*** Begin section ***

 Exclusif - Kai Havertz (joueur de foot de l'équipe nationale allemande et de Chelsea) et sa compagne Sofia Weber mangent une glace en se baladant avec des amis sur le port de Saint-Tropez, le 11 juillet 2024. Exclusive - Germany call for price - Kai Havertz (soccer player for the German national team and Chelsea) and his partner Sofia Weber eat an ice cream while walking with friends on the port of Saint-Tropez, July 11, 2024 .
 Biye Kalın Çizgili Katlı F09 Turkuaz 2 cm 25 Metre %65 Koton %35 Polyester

*** End section ***
*** Begin section ***

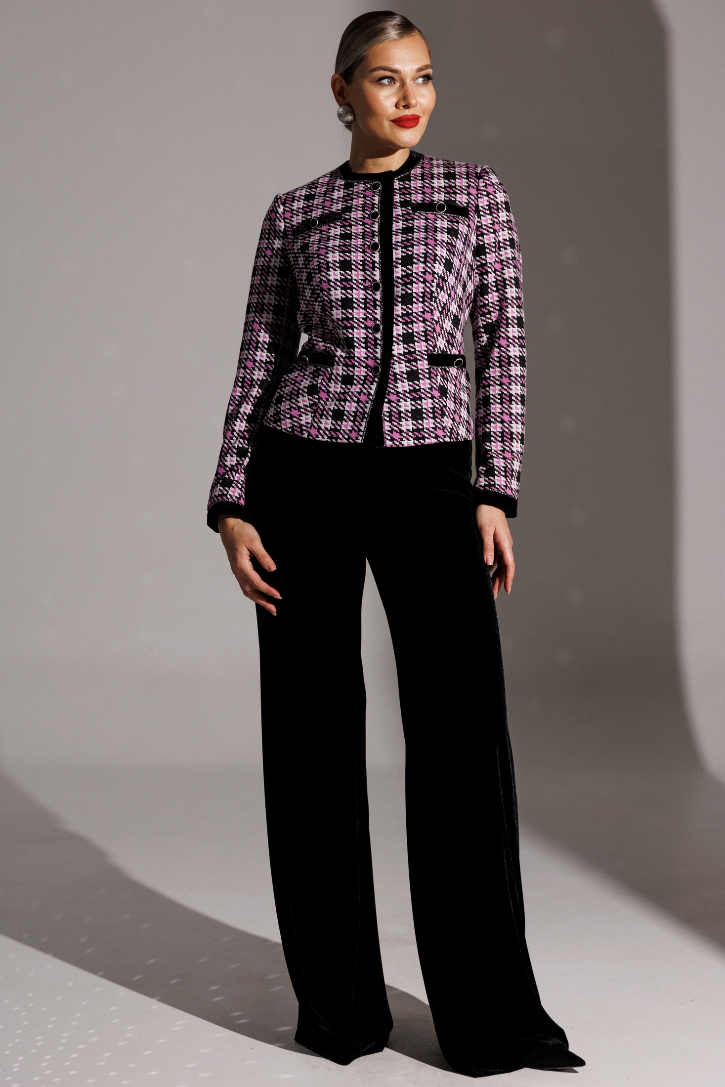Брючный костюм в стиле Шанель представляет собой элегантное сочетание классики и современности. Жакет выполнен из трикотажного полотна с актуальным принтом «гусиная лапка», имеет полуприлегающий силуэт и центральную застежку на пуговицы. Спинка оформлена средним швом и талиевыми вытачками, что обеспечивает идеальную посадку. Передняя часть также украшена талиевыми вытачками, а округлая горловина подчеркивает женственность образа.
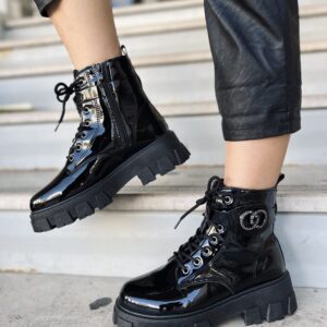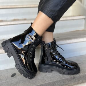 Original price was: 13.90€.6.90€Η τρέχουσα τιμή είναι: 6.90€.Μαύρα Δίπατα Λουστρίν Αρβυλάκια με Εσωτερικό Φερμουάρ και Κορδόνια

*** End section ***
*** Begin section ***

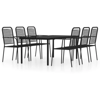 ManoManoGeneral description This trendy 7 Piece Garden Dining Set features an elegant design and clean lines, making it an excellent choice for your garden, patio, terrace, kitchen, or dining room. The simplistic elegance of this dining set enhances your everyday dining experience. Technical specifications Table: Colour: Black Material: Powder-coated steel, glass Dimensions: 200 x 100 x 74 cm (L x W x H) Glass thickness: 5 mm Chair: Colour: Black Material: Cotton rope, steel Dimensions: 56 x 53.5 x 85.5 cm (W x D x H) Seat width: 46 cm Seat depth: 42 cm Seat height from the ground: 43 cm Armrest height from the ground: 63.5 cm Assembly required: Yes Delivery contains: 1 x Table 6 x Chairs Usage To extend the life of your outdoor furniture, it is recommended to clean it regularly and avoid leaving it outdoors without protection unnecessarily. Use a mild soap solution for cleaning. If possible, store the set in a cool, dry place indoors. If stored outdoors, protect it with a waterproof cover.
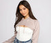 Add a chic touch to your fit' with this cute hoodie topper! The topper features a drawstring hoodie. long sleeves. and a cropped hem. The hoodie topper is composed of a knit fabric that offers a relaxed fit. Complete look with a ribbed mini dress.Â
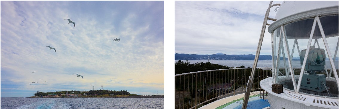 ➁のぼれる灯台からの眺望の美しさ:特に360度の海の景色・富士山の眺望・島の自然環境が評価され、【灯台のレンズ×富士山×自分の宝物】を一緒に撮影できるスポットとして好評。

*** End section ***

- **TO DO**
From the entries above, print the lines beginning at the one with "Exclusif - Kai" and stopping after the one with "Biye Kalın Çizgili", exactly as written and with nothing else.

- **ANSWER SECTION**
 Exclusif - Kai Havertz (joueur de foot de l'équipe nationale allemande et de Chelsea) et sa compagne Sofia Weber mangent une glace en se baladant avec des amis sur le port de Saint-Tropez, le 11 juillet 2024. Exclusive - Germany call for price - Kai Havertz (soccer player for the German national team and Chelsea) and his partner Sofia Weber eat an ice cream while walking with friends on the port of Saint-Tropez, July 11, 2024 .
 Biye Kalın Çizgili Katlı F09 Turkuaz 2 cm 25 Metre %65 Koton %35 Polyester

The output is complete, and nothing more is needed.